Canada’s New Anti-Spam Act: What You Need to Know


On July 1st, 2014 we’re going to see a dramatic change when it comes to sending out emails to Canadian IP’s. That’s right, it is the inevitable coming of CASL (Canada’s Anti-Spam Act). Most businesses that advertise, sell, or get customers through emails are at the edge of their seats screaming bloody Mary. However, if you know your facts, you can prepare and calmly await the day that changes all.

Before we jump into what you can do to make sure that CASL doesn’t ruin a good nights’ sleep, there are some raw facts that you have to know. For instance, what does CASL mean and what is its purpose? To quote the actual act itself:

“An Act to promote the efficiency and adaptability of the Canadian economy by regulating certain activities that discourage reliance on electronic means of carrying out commercial activities, and to amend the Canadian Radio-television and Telecommunications Commission Act, the Competition Act, the Personal Information Protection and Electronic Documents Act and the Telecommunications Act, S.C. 2010, c. 23.”

To take it a step further, CASL is put in place to make sure that no malicious software is sent in an email and no breach of privacy occurs – unless consent is given. It is a noble and much needed act that has had had success in its differentiated versions in countries like Australia or the United States. Another important thing to know is that after the three year transition period is over (more on that later on), the penalty of a violation by an individual can be up to $1 million, whereas for a business it can be even up to $10 million.


Does CASL concern me?

This act has been put in place with commercial business in mind. If you are a politician sending out information to citizens – you are compliant, unless you send out an email persuading citizens to buy your new neon green merch – well, you are not so compliant anymore. Registered charities are also exempt from this act.

The act concerns those who send out a CEM (commercial electronic message). What exactly constitutes a commercial message?

  1. Advertisement for a product, service, or even a business.
  2. An offer that encourages people to buy any product, information, or service.
  3. Promoting businesses or people. Why? Because in a way that is still ‘selling’.

There are however numerous exemptions. For instance you are ok to send one (yes, only one) email to someone by a mistake, you don’t have to worry about sending emails to employees or contractors of a company whom the CEM concerns, family relationships exempt your messages, and most of all – replies to emails are also ok.

The first step to preparing is figuring out whether your messages are of commercial nature or if they promote any sort of commercial activity. The second is to checking out what you link to in your messages. Why? Well, because any link and pages that people are taken to, are under this act too.

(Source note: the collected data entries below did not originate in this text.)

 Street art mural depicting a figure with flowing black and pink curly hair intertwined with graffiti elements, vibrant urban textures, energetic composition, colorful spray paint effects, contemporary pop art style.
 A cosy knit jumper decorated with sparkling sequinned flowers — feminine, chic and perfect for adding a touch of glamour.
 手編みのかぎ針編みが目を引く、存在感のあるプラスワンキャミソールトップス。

To be compliant or not to be.

Now that you have an idea of what CEM’s are, we’re going to assume that you are sending out commercial material.

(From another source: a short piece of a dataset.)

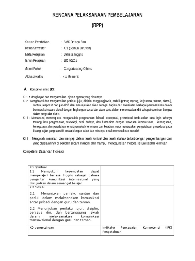 Rpp Bahasa Inggris Smk Kelas X Congratulation
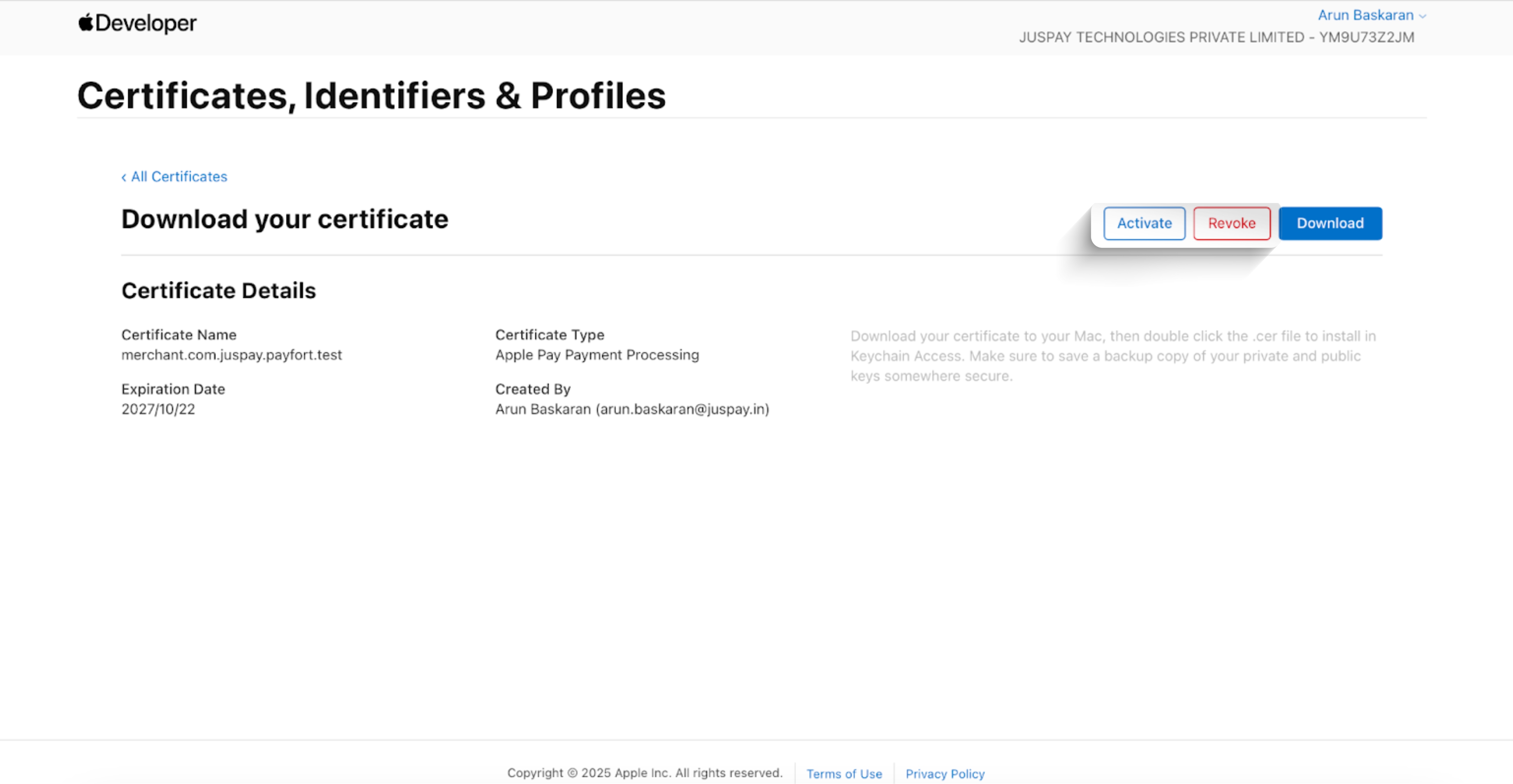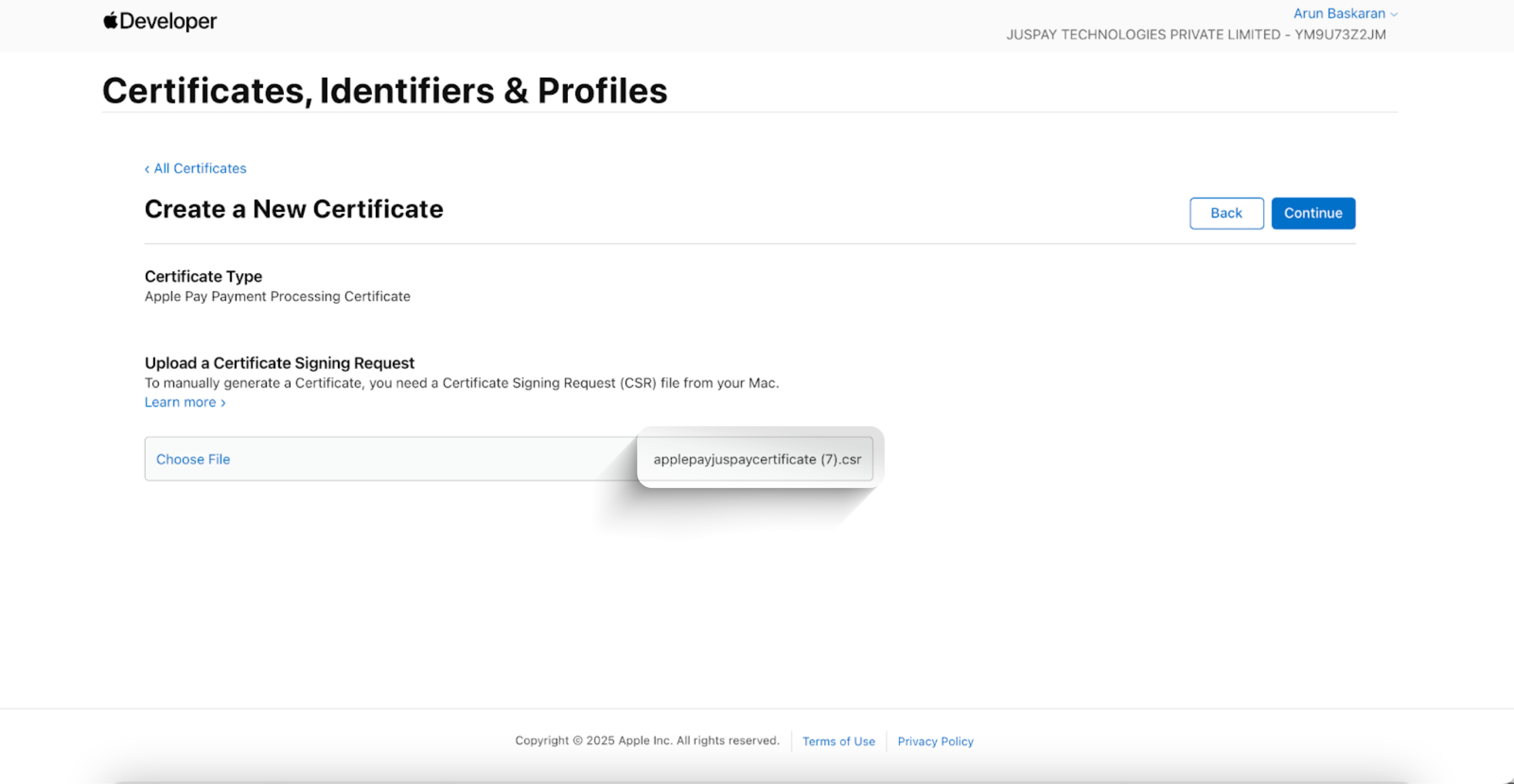 Generate Merchant Certificate on Apple Developer Portal

There are three key things your messages must contain after July 1st, 2014 strikes:

  1. Provide identification – basically, don’t send an email with random symbols and cheeky nicknames. You need to clearly state who the sender is. If you are emailing on someone’s behalf, you need to state not only your name/company but also the person’s on whose behalf you are writing.
  2. Provide contact – let your recipients know where they can reach you, this makes you less suspicious and more cautious in their eyes. You must provide your mailing address and telephone number, email address, or a web address where you can be reached. Whatever information you provide, it must be accurate for at least 60 days after it has been provided.
  3. Provide unsubscribe mechanism – Whether you like it or not, you have to make sure that there is a visible unsubscribe link and the information provided on the unsubscribe page is valid (look point #2). It is also imperative that once someone has unsubscribed you comply with their request within 10 days.


Consider me in!

The second rule of making sure that you are compliant is consent. In fact, pick a nice typeface and put that on a giant poster in your office – When in doubt: CONSENT. There are two types of consent that will put you on the road to compliance:

1. Express consent – the more obvious type of consent which leaves little room for grey area legal interpretations, as there is no grey area! If you have provided the information stated in the previous section you are half way to the finish line! There are however two more things express consent needs to make it rock solid:

  • No pre-checked boxes, as these can deceive and confuse potential subscribers. They need to make a decision to opt-in on their own.
  • Confirmation links, as these make it clear that you have not barged in on someone with your product or content, they themselves confirmed their consent! – this is why double opt-ins are a great feature to have.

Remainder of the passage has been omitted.